The tangerine is from our own backyard tree, the orange in the center is a Valencia orange from the tree on the side of the house, and the lemon is just one of the three giant fruits given to us by a friend from her own backyard lemon tree.

We have an enormous lot of Valencia oranges to go through yet. So far, we have been out to that tree at least 6 times to pick the fruit in large buckets and, when desperate, laundry baskets that weren’t in use at the moment (don’t worry, I’ve cleaned them thoroughly before any laundry was to actually go inside of them).  It think it’s safe to say that we have pulled at least a hundred oranges from that tree, give or take, and that’s not including what the neighbors have claimed as their own (a huge limb hangs over their backyard fence and we’ve told them pick ‘em if you got ‘em!).  There are still so many oranges left on that tree that I don’t think we’ll get to them in time before the first really hard freeze renders them useless. But we’re trying! 




All this gathering of valencias has resulted in quite a few shipments of juice oranges to our loved ones across half the country.  What we decide to keep for ourselves goes straight into a pitcher for us to enjoy with breakfast. Or with vodka.  Don’t judge me.



This bucket you see in the photograph above contains 25 valencia oranges, which is just the right amount to yield a full pitcher of freshly squeeze orange juice.  It’s tiring work to juice so many oranges and certainly not something I could do every day.  However,  after watching a report on ABC News last night about just how misleading orange juice companies can be regarding product labeling and their listing and actual use of honest ingredients, I was more than happy to make my own orange juice – not from concentrate and certainly not made with oranges from California or Brazil. 

This is the only honest-to-goodness, 100% pure Florida natural orange juice: 



 It took me a little over an hour to press all the juice out of every single Valencia that I’d halved and squeezed like my life depended on it.
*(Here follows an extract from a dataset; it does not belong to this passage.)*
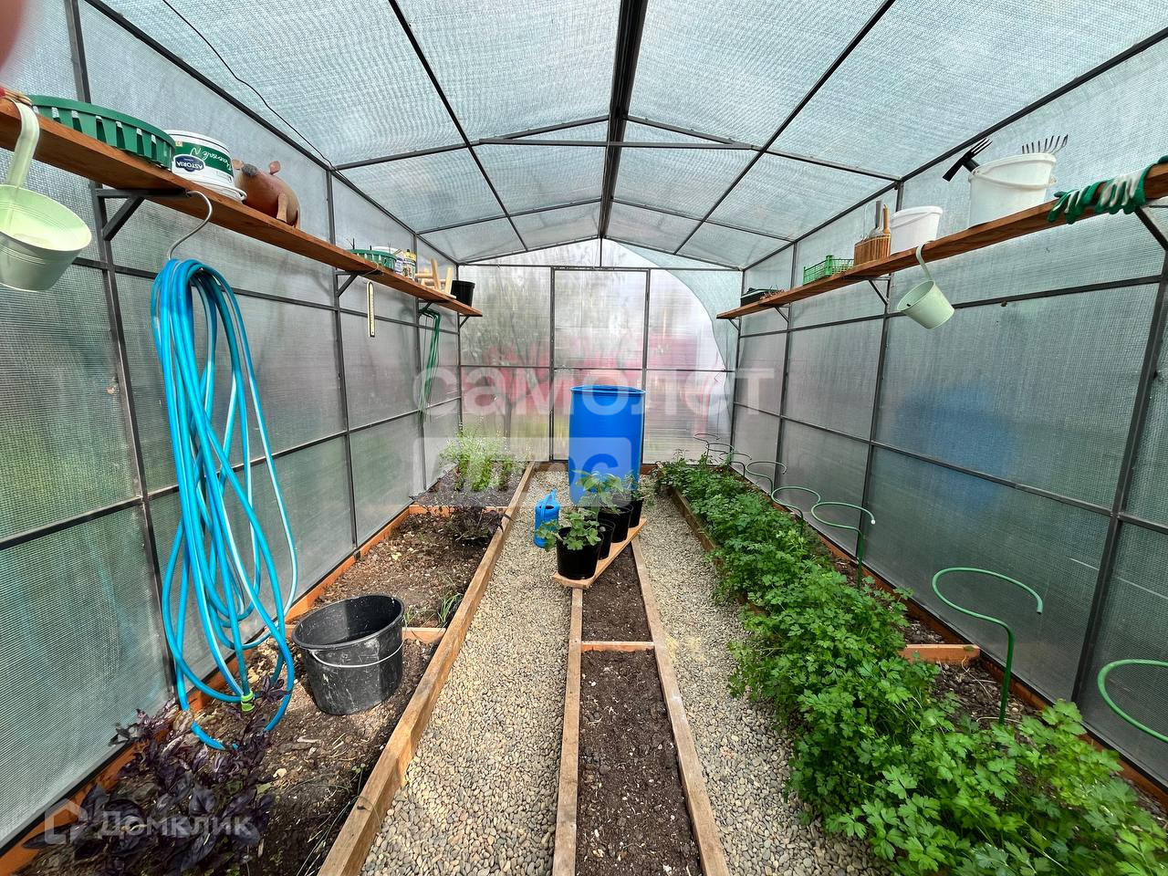 Участок облагорожен, есть плодовые деревья и кустарники(персики,разного срока созревания,вишни крупноплодные,черешни,яблони,груши,абрикос,хурма,малина, ежевика, крыжовник,смородина), множество сортов винограда, а также есть теплица!

Five oranges only yield about 12 ounces, or 1.5 cups, so it can be time-consuming and quite the physical endeavor. My hands increasingly became cramped and the thick pulp of the oranges’ insides made it difficult for the juice to pass through the strainer at times, resulting in frequent rinsing and constant interruption.

We don’t take for granted what a lush bounty of fruit we have come into this year. My mother once told me a story about how Florida Welcome Centers used to offer travelers a free glass of freshly squeezed orange juice. She traveled a lot as a kid from Northern Wisconsin to South Florida. This, of course, was before the existence of interstates when small towns relied on vacationers to drive in off from US 27, US 41, and US 301, stay for the night in one of the town’s tropical-themed motels, and dine where the locals dined. Roadside stands promised to show travelers the World’s Largest Alligator and kids could even take one home as a pet!  I’m assuming most families opted to spring for a souvenir crate of Florida oranges instead.

The signs luring tourists to one-of-a-kind attractions and the promise of a complimentary glass of freshly squeezed orange juice are still visible on the back roads and US highways today.  The small shacks proclaiming such available novelties are inconveniently “closed for the season”, no matter what time of year I’ve driven by.

When you really think about it, that’s tragic because orange juice is one of the few things that is famously Floridian.  For me to spend an hour squeezing out a healthy and truly pure glass of orange juice makes me feel pretty damn lucky.  Not to mention, it’s the best orange juice I’ve ever had.